The following is a (very) initial list of ideas for applying the Benedict Option in real schools/home schools. It can be extended and examined in the comments:

  • Talking as much about virtues and faithful habits as we do about skills and truthful knowledge
  • Shaping students as creators rather than consumers by giving them opportunities to make music, art, literature, and media, in addition to the more typical classical focus on analyzing these things
  • Practicing regular and special fasting in our own lives—from food, but also from the radio, or iTunes, or NetFlix, or smartphones, or Internet
  • Challenging our students to join our fasts
  • Avoiding the temptations to make class material “relevant” by frequent analogies to pop culture
  • Celebrating church holidays in the classroom—not just Christmas and Easter, but Advent and Lent, Pentecost and Epiphany
  • Facilitating students’ bonds with their local churches. For example, could a Rhetoric class do a project exploring the concept of audience by interviewing a spread of church members to discern what they count as persuasion?

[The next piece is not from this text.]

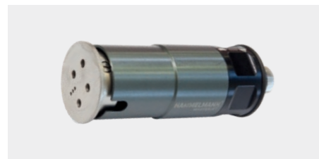
RD Masterjet (до 3200 бар)

Водный инструмент для профи. Благодаря компактному и легкому дизайну возможна длительная, без усталости работа. Masterjet обеспечивает длительный срок службы благодаря использованию запатентованной системы

  • Presenting the stories of great Christians who have preceded us in the study of math, science, literature, music, philosophy—not to mention missions, politics, business—to fill the human need for heroes, which pop culture stuffs with celebrities
  • Making a strong effort to invite “post-Christian” community members to participate in events in the life of the school, and so to taste the foreign, joyful confidence of the faithful life

Do these ideas seem resonant with the Benedict Option? Could they be refined or added to? Do they differ from or redirect what we are currently doing? Do they shine any new sort of hope into an unsettlingly foggy future?